Please restate the entries below word for word, leaving out any pictures.

__Dataset records__.
————————

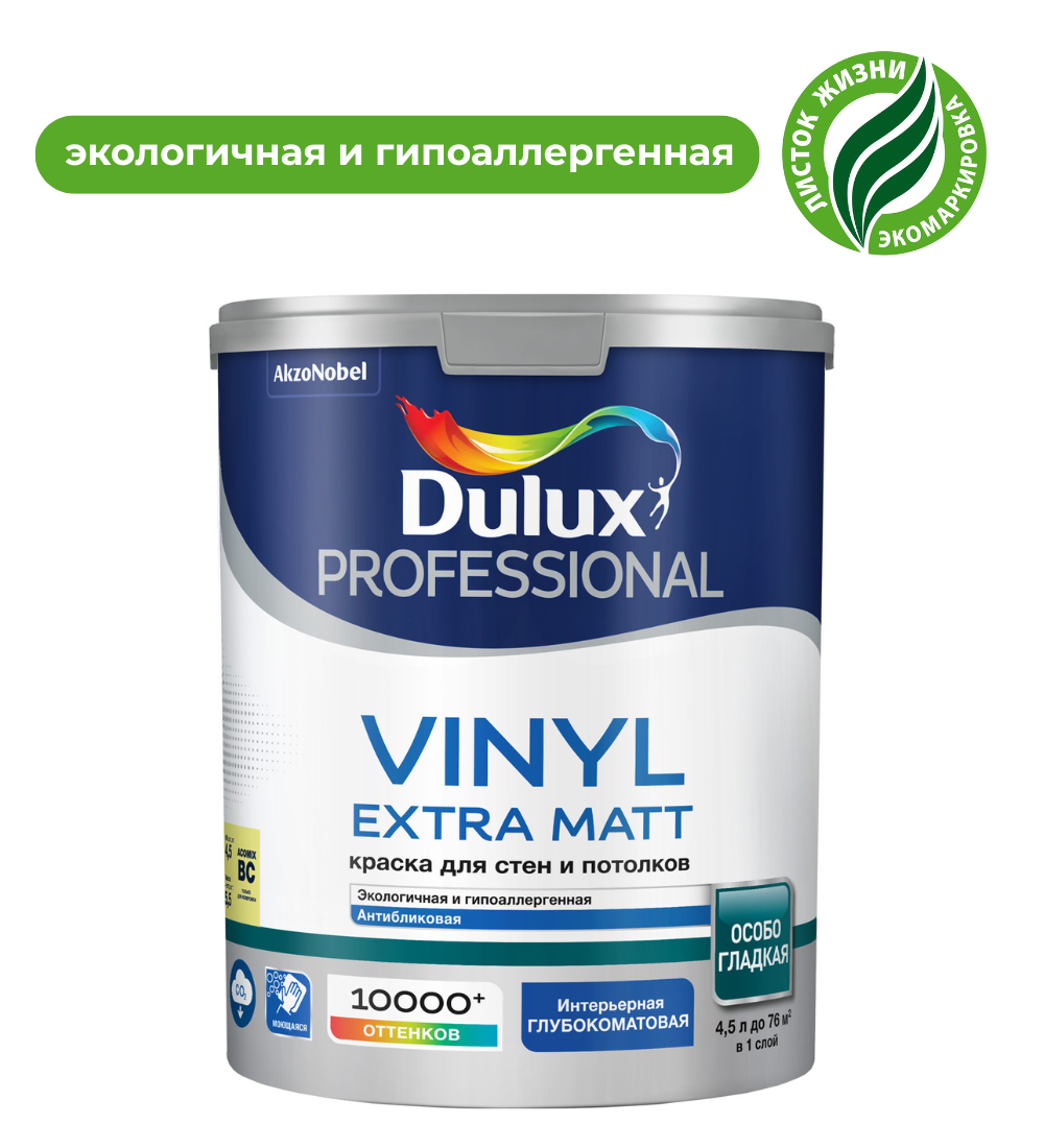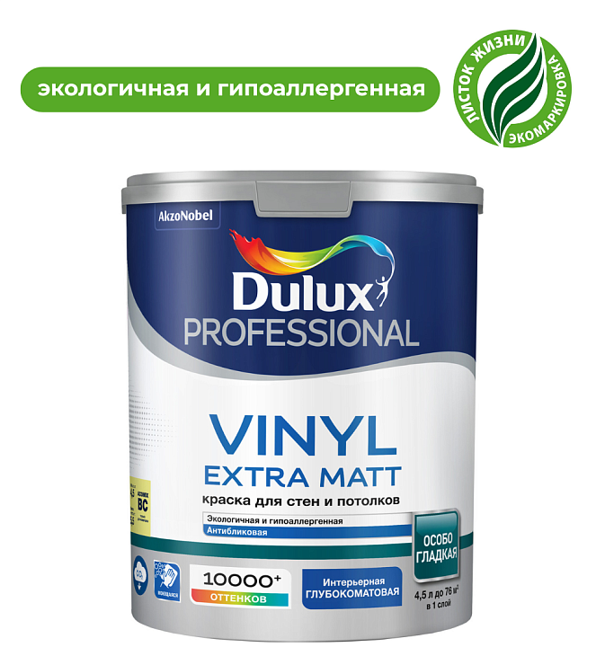 Краска Dulux Vinyl Extra Matt - Глубокоматовая водно-дисперсионная краска для высоко- качественной отделки стен и потолков, максимально укрывистая, с нейтральным запахом. Создает идеально гладкое покрытие.
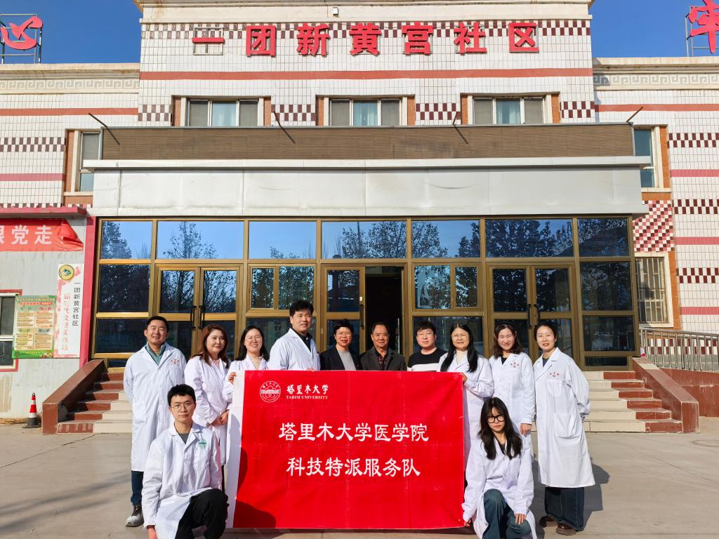服务队赴阿拉尔市一团黄宫社区开展健康宣讲与义诊活动,把优质医疗服务与科普知识送到百姓家门口。团队由孙立稳、徐芳、徐春艳、王剑、迪丽努尔、马萍和2名医学生组成。
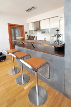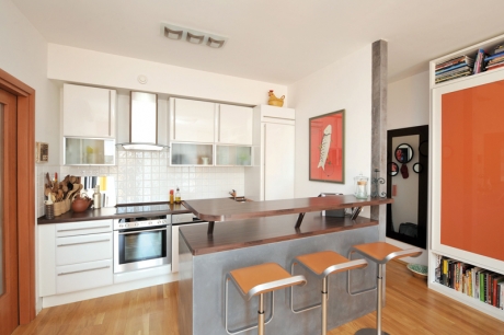 Szimbolikus térelválasztó a többfunkciós átadópult, amely - miután nincs más asztal a lakásban - egyszerre munkahely, étkező és bárpult is. Az eredeti tervekben egysoros konyha szerepelt, de a tulajdonos ragaszkodott a praktikus pult kialakításához. Ez a konyha felőli oldalon plusz tárolóhelyet jelent - a konyhabútorhoz tartozó fiókokkal rakták tele -, a szoba felé néző rész pedig a nappali stílusához igazodik, és az egyedi betonburkolatnak köszönhetően a helyiség egyik jellegzetes stíluselemévé vált. A nappali meleg színeihez igazodik a formatervezett bárszékek teveszínű bőrhuzata, és a lakás meghatározó vérnarancs árnyalata is visszatér a konyha belső részében egy témájában is jól megválasztott plakát képében.
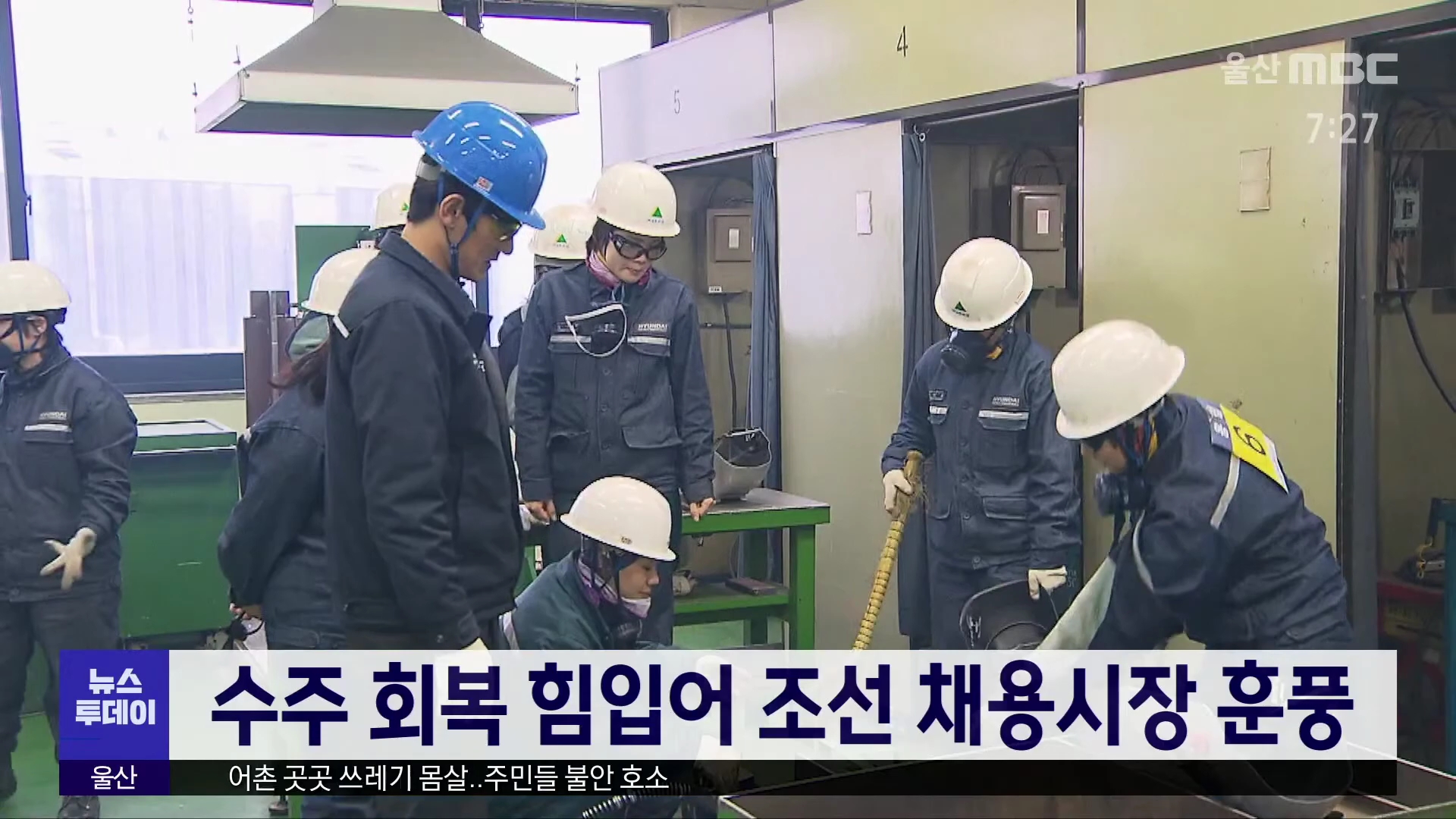 조선업계가 최근 신규 선박 수주 증가로 경기 회복세를 보이자 인력 채용에 적극 나서고 있습니다. 한국조선해양플랜트협회가 최근 개최한 채용 행사장에서는 현대중공업 8개 사내 협력사가 참여해 현장에서 200명 가까이 채용을 결정했습니다. 현대중공업도 1년 만에 기술연수생 모집을 공모했으며 하반기에도 추가 모집하...
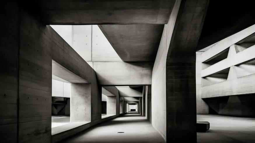Minimalist concrete structure with geometric forms and dramatic shadows, inspired by awe, Brutalist style, Le Corbusier, photographed by Ezra Stoller --ar 16:9 --c 2

————————

__Exercise output__.
 Краска Dulux Vinyl Extra Matt - Глубокоматовая водно-дисперсионная краска для высоко- качественной отделки стен и потолков, максимально укрывистая, с нейтральным запахом. Создает идеально гладкое покрытие.
服务队赴阿拉尔市一团黄宫社区开展健康宣讲与义诊活动,把优质医疗服务与科普知识送到百姓家门口。团队由孙立稳、徐芳、徐春艳、王剑、迪丽努尔、马萍和2名医学生组成。
 Szimbolikus térelválasztó a többfunkciós átadópult, amely - miután nincs más asztal a lakásban - egyszerre munkahely, étkező és bárpult is. Az eredeti tervekben egysoros konyha szerepelt, de a tulajdonos ragaszkodott a praktikus pult kialakításához. Ez a konyha felőli oldalon plusz tárolóhelyet jelent - a konyhabútorhoz tartozó fiókokkal rakták tele -, a szoba felé néző rész pedig a nappali stílusához igazodik, és az egyedi betonburkolatnak köszönhetően a helyiség egyik jellegzetes stíluselemévé vált. A nappali meleg színeihez igazodik a formatervezett bárszékek teveszínű bőrhuzata, és a lakás meghatározó vérnarancs árnyalata is visszatér a konyha belső részében egy témájában is jól megválasztott plakát képében.
 조선업계가 최근 신규 선박 수주 증가로 경기 회복세를 보이자 인력 채용에 적극 나서고 있습니다. 한국조선해양플랜트협회가 최근 개최한 채용 행사장에서는 현대중공업 8개 사내 협력사가 참여해 현장에서 200명 가까이 채용을 결정했습니다. 현대중공업도 1년 만에 기술연수생 모집을 공모했으며 하반기에도 추가 모집하...
Minimalist concrete structure with geometric forms and dramatic shadows, inspired by awe, Brutalist style, Le Corbusier, photographed by Ezra Stoller --ar 16:9 --c 2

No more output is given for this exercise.